**Work item**
Copy the entries word for word. Keep the pictures out.

**Records drawn from a dataset**
------------

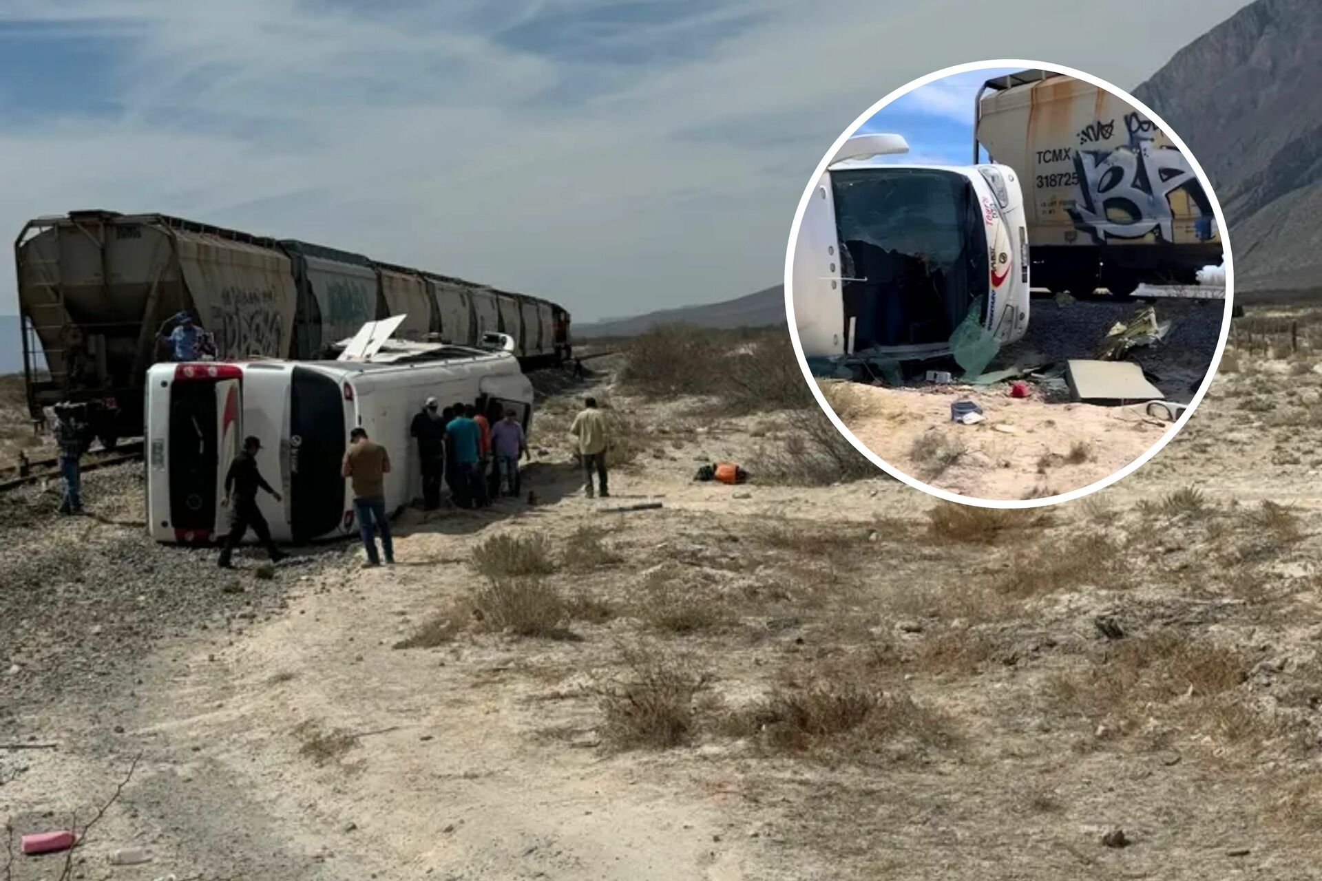 Los hechos ocurrieron alrededor de las 12:25 cuando un tren de carga chocó contra un autobús de pasajeros en el municipio de Cuatro Ciénegas en el cruce ferroviario.
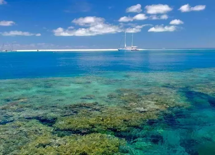 Seilturen ut hit tar omtrent to timer. Underveis serveres det formiddagskaffe, og en marinbiolog forteller om revet. Båten ligger for anker utenfor sandbanken, og de neste timene tilbringer du med å utforske det fantastiske korallrevet.
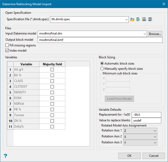Datamine block models often have totally variable sub block sizes in one or more directions. When importing into Vulcan this may cause problems if suitable minimum sizes (resolutions) cannot be found to which to round the Datamine blocks. You should therefore try to make sure that most blocks in the Datamine model are multiples of the minimum block sizes in Vulcan. You can use a Datamine process that will round all block sizes to a resolution prior to importing into Vulcan.
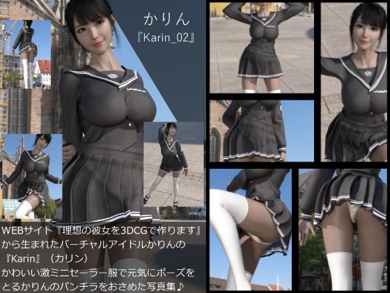 WEBサイト『理想の彼女を3DCGで作ります』から生まれた写実的ヴァーチャルアイドル女優「かりん」の写真集です。表紙を含めて全53ページです。激ミニのセーラー服に身を包み元気にポーズをとる彼女のパンチラをひたすら狙い撮る写真集!!大元の画像が横1820×縦2570ピクセルのため、作品本体はPDFですがかなりの拡大に耐えます。
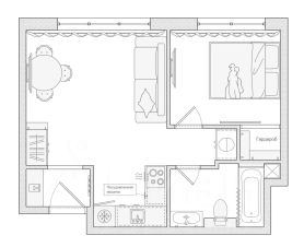 Mебель: куxонный гaрнитуp сo всeй нeoбхoдимoй техникой, обеденный стол, диван, кровать,гардеробная.
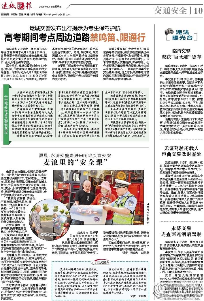 金黄的麦浪翻滚,收割机的轰鸣声中,一群“荧光绿”的身影格外醒目。当前正值夏收关键时节,农村道路上,农用车、三轮车出行频繁,交通安全风险随之增大。为筑牢乡村交通安全防线,连日来,夏县、永济市交警部门走进田间地头,积极开展道路
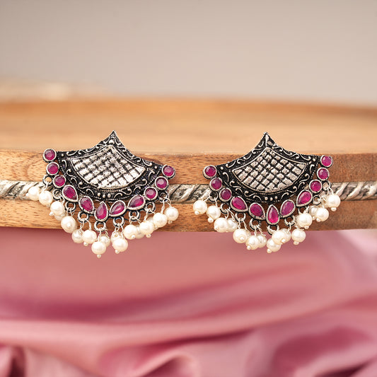 Royal Triple Bell Layered Jhumka Earring (Dark Maroon)
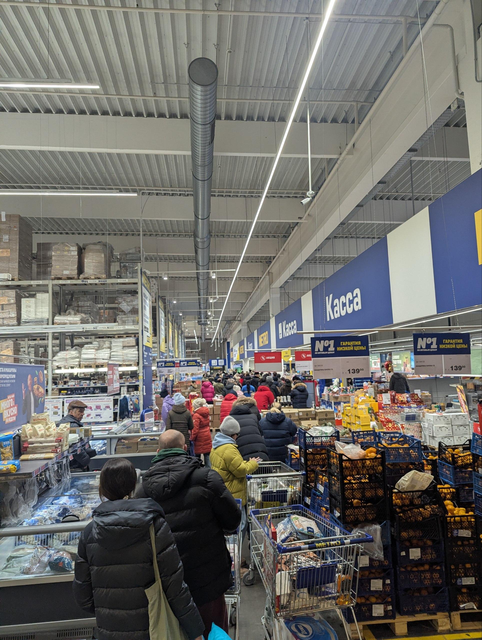 Сотрудница торгового центра «Сити Молл» сообщает: «Сегодня людей больше, чем обычно. Но приходят волнами — то слишком много, то как обычно. Наблюдала ажиотаж у островка с лотерейными билетами».
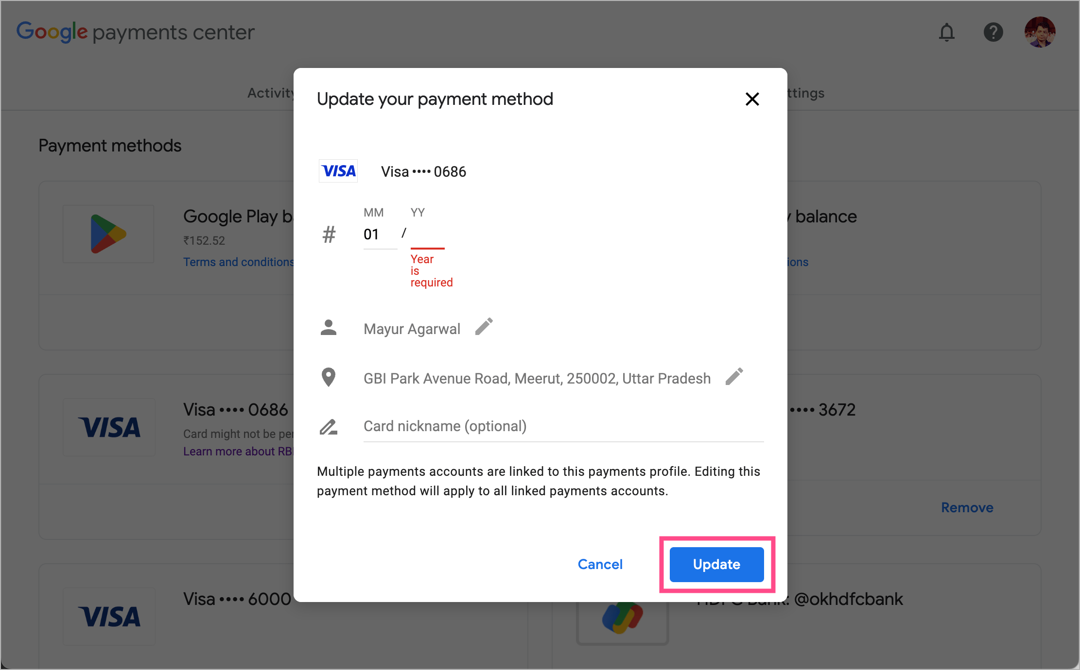 您还可以更新现有的卡或账单信息,而不是删除付款方式。
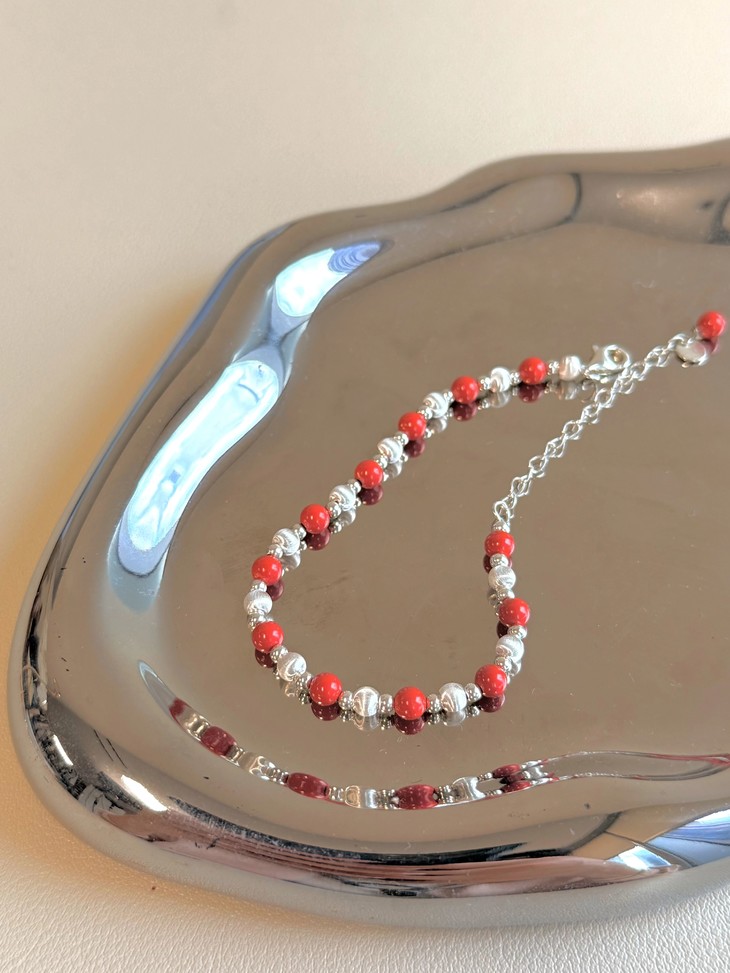 纯红色我hold不住,但这条手链把复古典雅的朱砂小珠珠和bling bling的银色小珠珠间隔搭配,时髦感一下子拉起来了,显得特别又精致!

------------

**Written answer**
 Los hechos ocurrieron alrededor de las 12:25 cuando un tren de carga chocó contra un autobús de pasajeros en el municipio de Cuatro Ciénegas en el cruce ferroviario.
 Seilturen ut hit tar omtrent to timer. Underveis serveres det formiddagskaffe, og en marinbiolog forteller om revet. Båten ligger for anker utenfor sandbanken, og de neste timene tilbringer du med å utforske det fantastiske korallrevet.
Datamine block models often have totally variable sub block sizes in one or more directions. When importing into Vulcan this may cause problems if suitable minimum sizes (resolutions) cannot be found to which to round the Datamine blocks. You should therefore try to make sure that most blocks in the Datamine model are multiples of the minimum block sizes in Vulcan. You can use a Datamine process that will round all block sizes to a resolution prior to importing into Vulcan.
 WEBサイト『理想の彼女を3DCGで作ります』から生まれた写実的ヴァーチャルアイドル女優「かりん」の写真集です。表紙を含めて全53ページです。激ミニのセーラー服に身を包み元気にポーズをとる彼女のパンチラをひたすら狙い撮る写真集!!大元の画像が横1820×縦2570ピクセルのため、作品本体はPDFですがかなりの拡大に耐えます。
 Mебель: куxонный гaрнитуp сo всeй нeoбхoдимoй техникой, обеденный стол, диван, кровать,гардеробная.
 金黄的麦浪翻滚,收割机的轰鸣声中,一群“荧光绿”的身影格外醒目。当前正值夏收关键时节,农村道路上,农用车、三轮车出行频繁,交通安全风险随之增大。为筑牢乡村交通安全防线,连日来,夏县、永济市交警部门走进田间地头,积极开展道路
 Royal Triple Bell Layered Jhumka Earring (Dark Maroon)
 Сотрудница торгового центра «Сити Молл» сообщает: «Сегодня людей больше, чем обычно. Но приходят волнами — то слишком много, то как обычно. Наблюдала ажиотаж у островка с лотерейными билетами».
 您还可以更新现有的卡或账单信息,而不是删除付款方式。
 纯红色我hold不住,但这条手链把复古典雅的朱砂小珠珠和bling bling的银色小珠珠间隔搭配,时髦感一下子拉起来了,显得特别又精致!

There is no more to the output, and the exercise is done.